## [INPUT]
#####
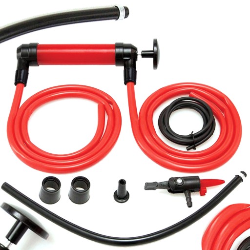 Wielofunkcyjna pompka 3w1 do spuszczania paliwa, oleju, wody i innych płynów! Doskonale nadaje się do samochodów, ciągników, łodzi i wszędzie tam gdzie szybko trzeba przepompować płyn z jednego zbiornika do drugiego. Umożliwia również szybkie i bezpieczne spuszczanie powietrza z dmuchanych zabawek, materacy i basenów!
#####
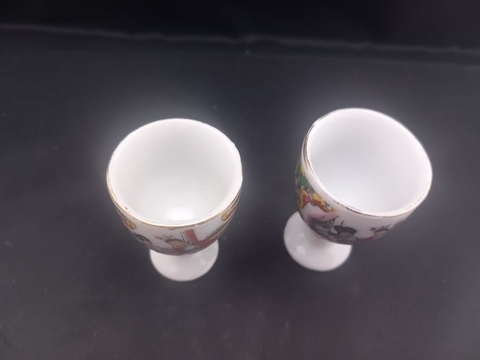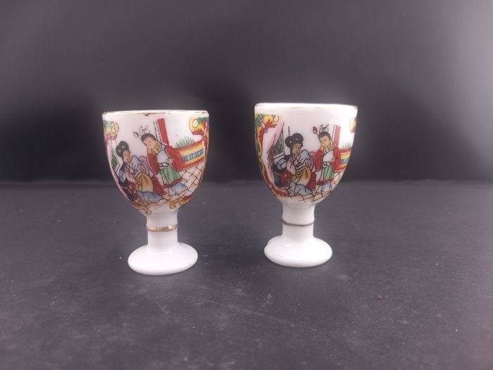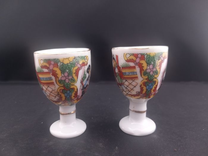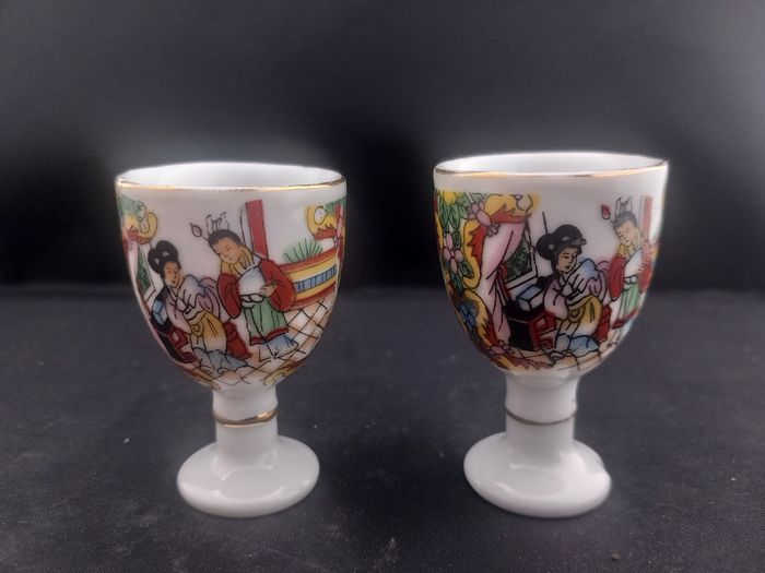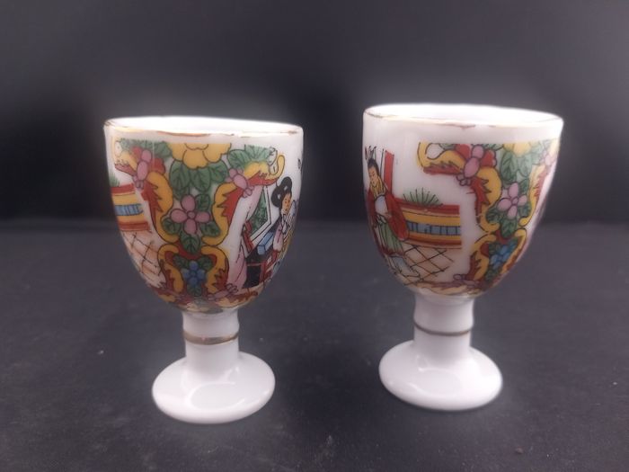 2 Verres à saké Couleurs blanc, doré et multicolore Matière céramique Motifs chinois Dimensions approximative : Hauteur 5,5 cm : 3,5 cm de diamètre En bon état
#####
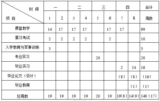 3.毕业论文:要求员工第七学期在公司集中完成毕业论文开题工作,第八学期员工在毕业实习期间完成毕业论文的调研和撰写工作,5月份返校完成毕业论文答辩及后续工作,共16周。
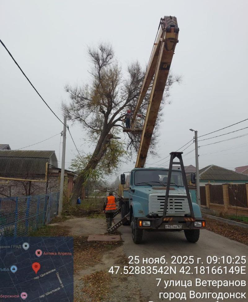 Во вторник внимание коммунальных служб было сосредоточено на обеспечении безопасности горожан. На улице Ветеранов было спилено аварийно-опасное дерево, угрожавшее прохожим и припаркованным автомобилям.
#####
## [WHAT YOU HAVE TO DO]
Starting at the line containing "3.毕业论文:要求员工第七学" and finishing at the line containing "Во вторник внимание", return those lines exactly as they appear above, without the pictures.

## [EXERCISE RESPONSE]
 3.毕业论文:要求员工第七学期在公司集中完成毕业论文开题工作,第八学期员工在毕业实习期间完成毕业论文的调研和撰写工作,5月份返校完成毕业论文答辩及后续工作,共16周。
 Во вторник внимание коммунальных служб было сосредоточено на обеспечении безопасности горожан. На улице Ветеранов было спилено аварийно-опасное дерево, угрожавшее прохожим и припаркованным автомобилям.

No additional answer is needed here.